The 10-year contract, which Chris noted is slightly out of the norm from the council’s usual five-to-seven year contracts, was result of the council putting in “fairly stringent” requirements to ensure value for money with SSEC.

With all of these systems moving into the cloud, it gives us much better accessibility to them

“Whenever any LED is upgraded in this contract, the contractor will be responsible for the maintenance of that item for the remainder of that contract. If any failures occur, they would be responsible for those failures,” explained Chris.

“One of our concerns was that if you’re putting in a big capital investment upfront, how do we avoid contractors coming in, cherry-picking where the big money is, and then trying to ditch the contract as soon as they can later on.

“We’ve tried to be careful in the way we constructed the contract to make sure that wasn’t the case. We wanted people for the long haul, but we also wanted to make sure it was in their interest to put stuff in a quality way, because they would have the liability for it in the longer term.”

Expanding the platform

The onboarding of Telensa’s smart streetlight management software, PLANet, will initially allow the council to wirelessly communicate and manage 11,000 streetlights in the county, allowing the council to better respond to system failures and adjust light levels accordingly.

Chris explained that the council’s previous CMS had become antiquated with communications issues, resulting in the council specifying for a streetlight management system to work in Devon’s 24/7 operations control centre. The system will control streetlights not across the entire county, but “certainly wider than just Exeter,” Chris added.

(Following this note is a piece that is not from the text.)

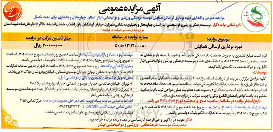 مزایده عمومی واگذاری بهره برداری از سالن همایش موسسه فرهنگی ورزشی و توانبخشی ایثار استان چهارمحال و بختیاری برای مدت یکسال

“As part of that transfer, most of our systems have now gone into the cloud. The Telensa system and the access to that, as well as being accessible by the lighting team, gives us the opportunity for doing more monitoring and identifying,” explained the operations manager.

Exeter city centre c. Nick Rice, Flickr

“With all of these systems moving into the cloud, it gives us much better accessibility to them. In the past, we have had lots of services residing in different locations – it was becoming quite a nightmare to manage. Now they are all in the cloud, which makes it more accessible and easier to manage.

“It’s really getting the infrastructure in place to allow us to move forward in the smart cities areas as well.”

Darren, a senior lighting engineer at Jacobs, though seconded to lead the project for the council, added that Telensa’s TALQ2 certification allows the council to expand its smart management into areas beyond just streetlighting, including gully sensors or smart parking, for example. Darren added that the Telensa system expects to be fully operational within 12 months of the contract awarding on 1 October.

“What we have allowed for as part of the contract – because Telensa are coming in – is a platform we can work on and then expand on. It will then have its own planning systems you can monitor for streetlights, but as part of that, their base plan for Urban IQ allows for all sorts of interconnectivity between the different apps,” he said.

“Whether it’s air quality or traffic management, there is the potential for those to come onto their various cloud systems and actively drag them into the one control system. By having this in place, it gives us the scope to expand as we need.”

The SSEC upgrade to streetlighting will mostly be completed within 18 months of the contract award, Chris said, at around 600 streetlight upgrades a week.